Wednesday, June 28, 2006

Sanctions May Be in Plaintiffs’ Future

I’ve fought about a lot of things in my ten years as a class action litigator, but this one has to take the cake. I mean, you simply are not going to believe this. In the Transaction Systems Architects action, the “defendants filed a motion to compel for the following specific deficiencies in the plaintiffs' responses to interrogatories:

1. The ‘verification’ offered by the plaintiffs is not made under oath because it is neither notarized nor declared under penalty of perjury.

2. The ‘verification’ offered by the plaintiffs impermissibly excludes those matter that Mr. Martini [who signed on behalf of the plaintiffs] ‘averred upon information and belief.’”

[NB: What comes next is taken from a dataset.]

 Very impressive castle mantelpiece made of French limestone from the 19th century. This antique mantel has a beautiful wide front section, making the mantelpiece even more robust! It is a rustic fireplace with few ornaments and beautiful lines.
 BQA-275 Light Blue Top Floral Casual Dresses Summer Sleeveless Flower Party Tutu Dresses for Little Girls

Well, I bet you know where this is going, but keep this in mind. You might think there’s not much for Nebraska Judges to do, but you’d be wrong. Dead wrong. In fact, the District only has three Magistrate Judges, and weighs in with the seventh heaviest per-judge criminal felony case load in the nation. Clue: might not want to bother these Magistrates, who spend the bulk of their time handling these felony cases, with shall we say, trivial civil matters.

So with that in mind, you can imagine the frustration level of Magistrate Judge Thomas D. Thalken (D. Neb.), while probably just finishing the unenviable task of dealing with twenty arraignment and sentencing hearings that morning, when he had to shift his attention to this hugely important issue. As he noted, “had the plaintiffs merely corrected the defect, the proceeding may have gone more smoothly without the necessity of additional motions and other documents filed by the parties.” But alas, they didn’t correct them, so Judge Thalken had to waste a perfectly good sheet of paper on these warriors.

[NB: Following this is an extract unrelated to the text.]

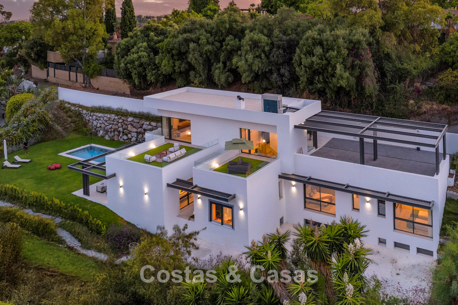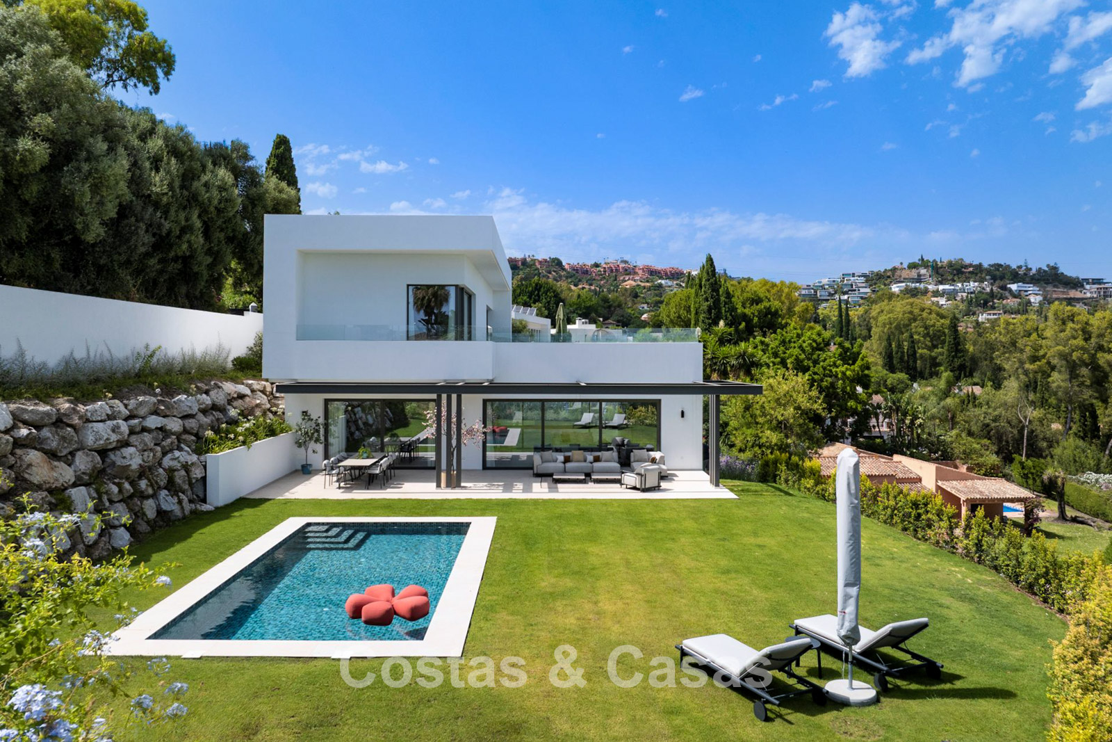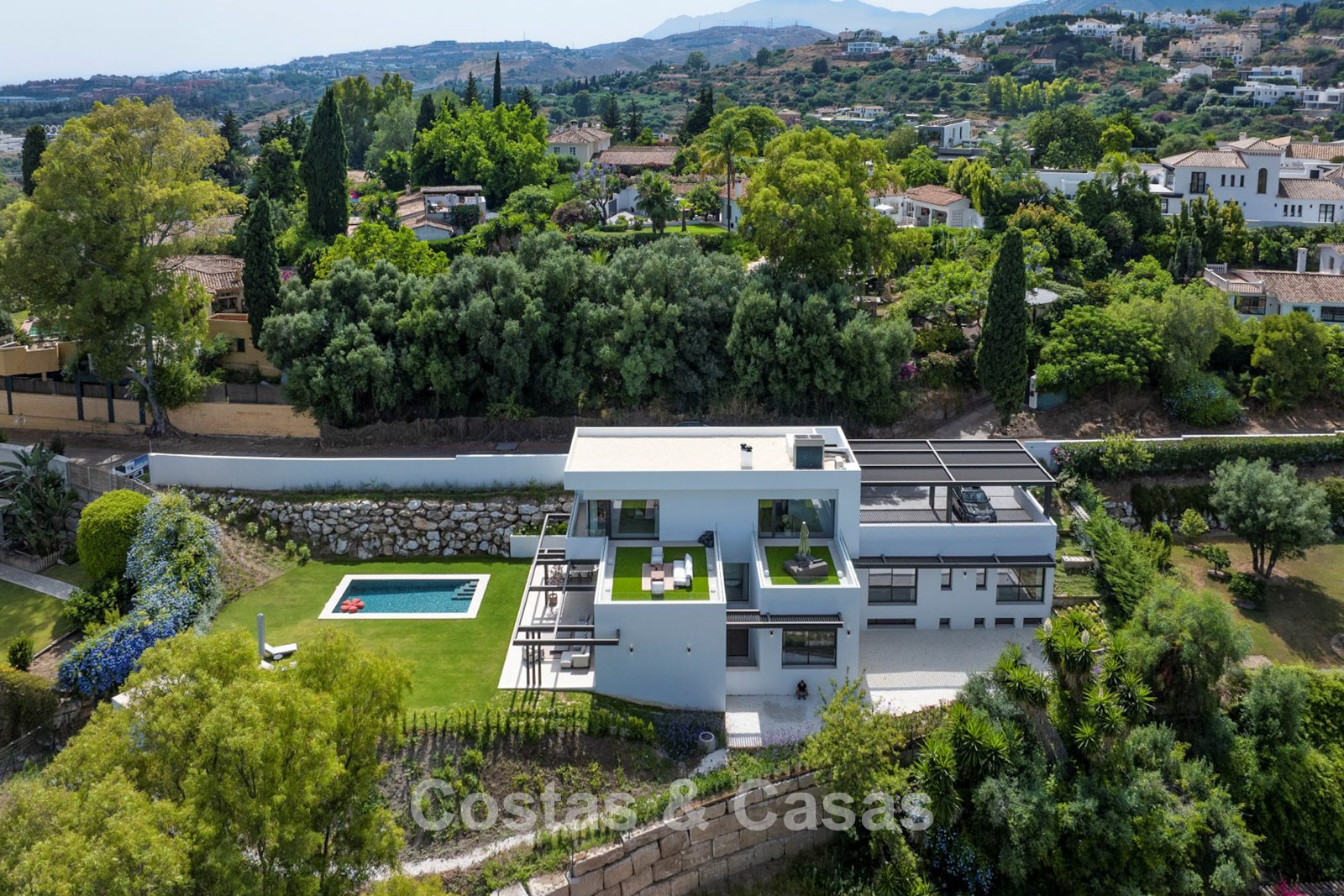 Una espaciosa parcela de casi 2.000 m², situada en una posición elevada. Precioso exterior ajardinado con un frondoso jardín y piscina infinita privada. Varias terrazas soleadas ofrecen la oportunidad de disfrutar del agradable clima mediterráneo. Orientación sur. Vistas panorámicas de los alrededores.

He concluded that “the defendants need not show prejudice before compliance with the federal rules is required. In fact, even litigants proceeding without counsel must comply with these rules. Accordingly, the plaintiffs will not be exempt. The defendants' motion to compel verification that the responses were signed under oath is granted.”

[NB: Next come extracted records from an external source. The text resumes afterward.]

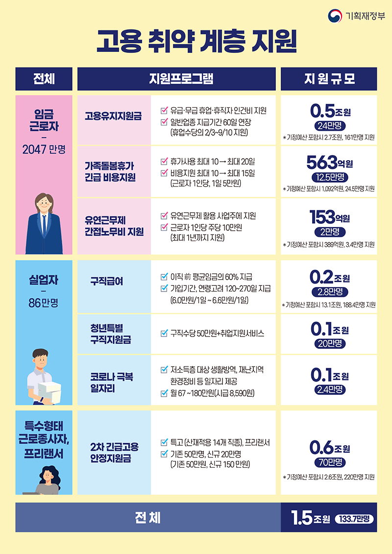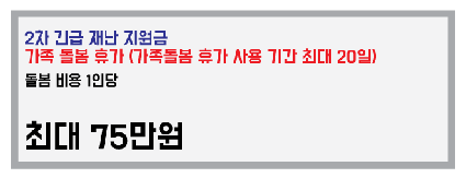 | 가족돌봄 휴가비용 긴급지원 | 가족돌봄 휴가 사용 기간 최대 10일에서 20일로 확대 기존에 10일 다 사용하신 분들 최대 10일 추가 사용기간 확대에 따라 정부의 돌봄비용 지원 기간도 최대 10일에서 15일로 확대, 1인당 최대 75만원 추가 지원 |
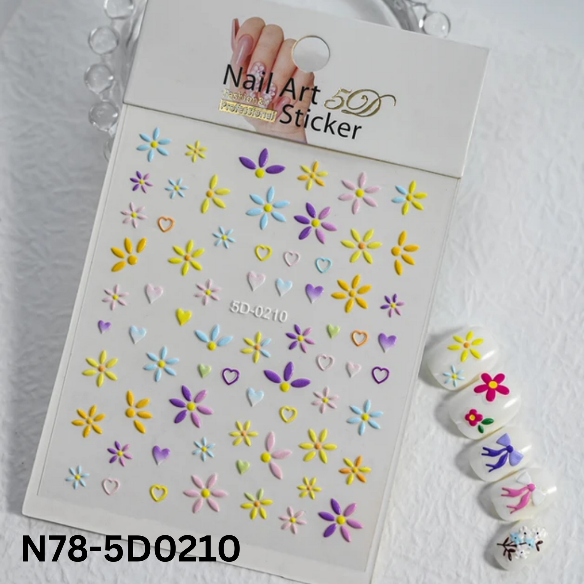 Colorful Spring Flower Nail Stickers,5D/3D Floral Nail Stickers
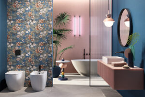 Allo stile jungle di assodato successo, si aggiunge una variazione sul tema e con richiami al passato: la ceramica caratterizzata da decori floreali. Comune denominatore, il desiderio di portare in casa un pezzetto di natura, per poter usufruire anche in spazi chiusi dei benefici effetti del contatto con il verde – anche se astratto. Ed ecco, quindi, che si moltiplicano le varianti di piastrelle con disegni – di grande o piccola dimensione – legati al tema floreale e vengono proposte in numerose varianti cromatiche.
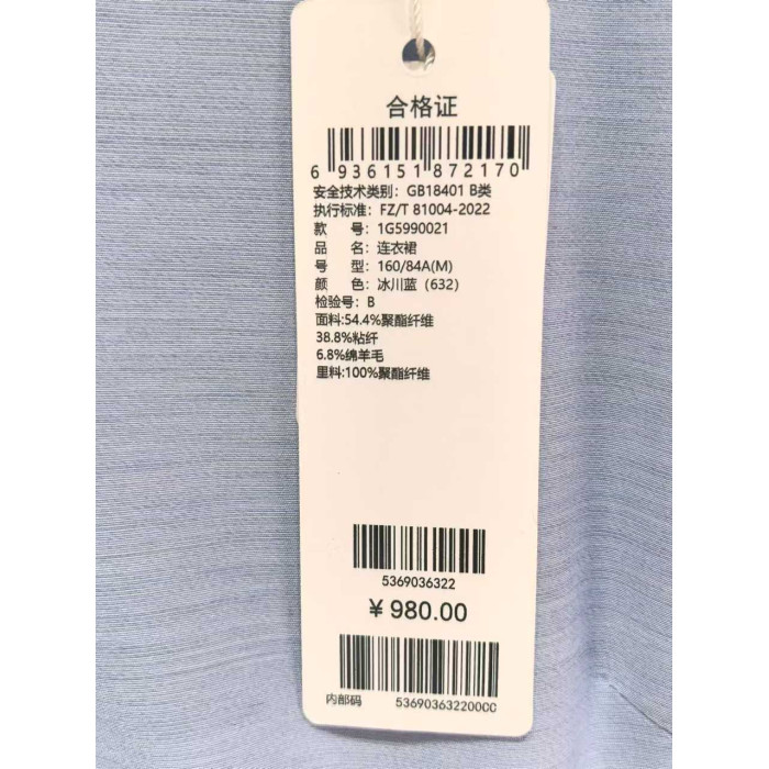材質成分 | 聚酯纖維54.4% 粘膠纖維(粘纖)38.8% 綿羊毛6.8% |
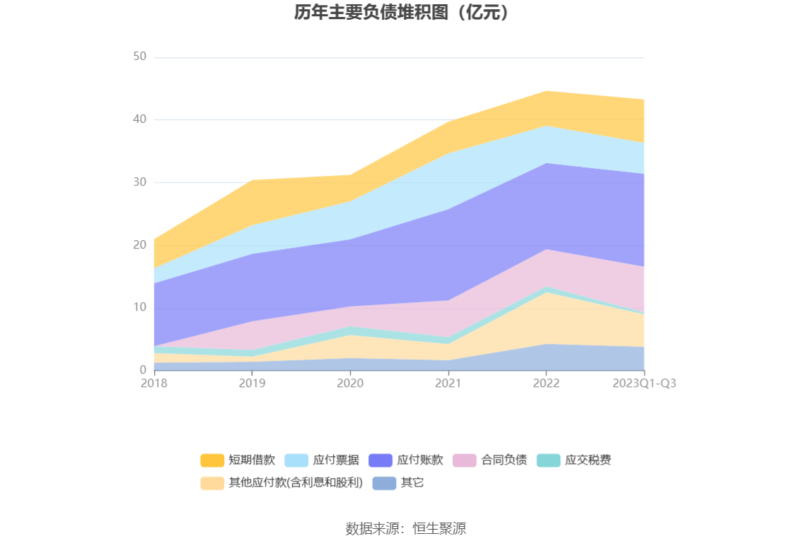 负债重大变化方面,截至2023年三季度末,公司其他应付款(含利息和股利)较上年末减少37.32%,占公司总资产比重下降1.89个百分点;合同负债较上年末增加23.34%,占公司总资产比重上升1.22个百分点;短期借款较上年末增加23.46%,占公司总资产比重上升1.16个百分点;应付账款较上年末增加7.73%,占公司总资产比重上升1.29个百分点。
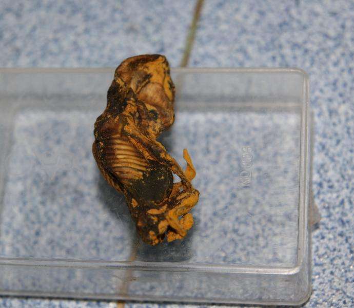 挖至棺材表面时,把盖打开见大肚婆躺在棺木裡;巫师就拔出法刀( Mee mo)举向天,口中唸出经咒,然后就把大肚婆持双手合什绑住的绳子割断(此绳泰语称为‘玛打桑’,以经绳绑著死者的双手成合什形,插上花及香枝,希望死者持花及香支朝往西方极乐世界,此乃泰人习俗)割断经绳之后,巫师再另持经咒由大肚婆的肚子正中割开来,将肚裡的小童尸骸挖出,切断肚脐带后,用一张写满咒文的白布包著婴骸。之后动手把母尸整理一番,盖回棺木,把泥土铺好,得要做到不露痕迹,像根本没有被人挖掘过一般。
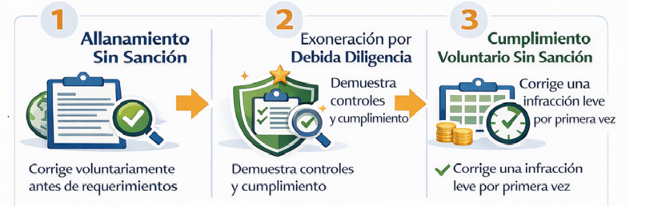 El tercero es el cumplimiento voluntario sin sanción previsto en el Parágrafo 1 del Artículo 15: quien por primera vez en tres años incurra en una infracción leve y corrija su situación no será objeto de sanción pecuniaria.

Oh, and since “the plaintiffs gave no explanation for their failure to comply with the rules,” “the court shall, after the plaintiffs have a chance to respond, grant the defendants' reasonable expenses for filing the motion to compel on those issues, unless the plaintiffs show substantial and legal justification for the failure to comply with Rule 33 or just cause why sanctions should not be imposed.”

I couldn’t resist looking at Plaintiffs’ response to this, and sure enough, Plaintiffs admit (in a brief submitted on June 5, 2006 in response to the show cause order), that “the Court’s Order makes clear, in hindsight, that Plaintiffs would have been better served by not submitting this particular dispute to the Court for resolution.”

Yah’ think?

You can read Desert Orchid Partners v. Transaction Systems Architects, issued May 25, 2006, at 2006 U.S. Dist. LEXIS 34547.

Nugget: “The verification does not contain a notary mark or comply with 28 U.S.C. § 1746.”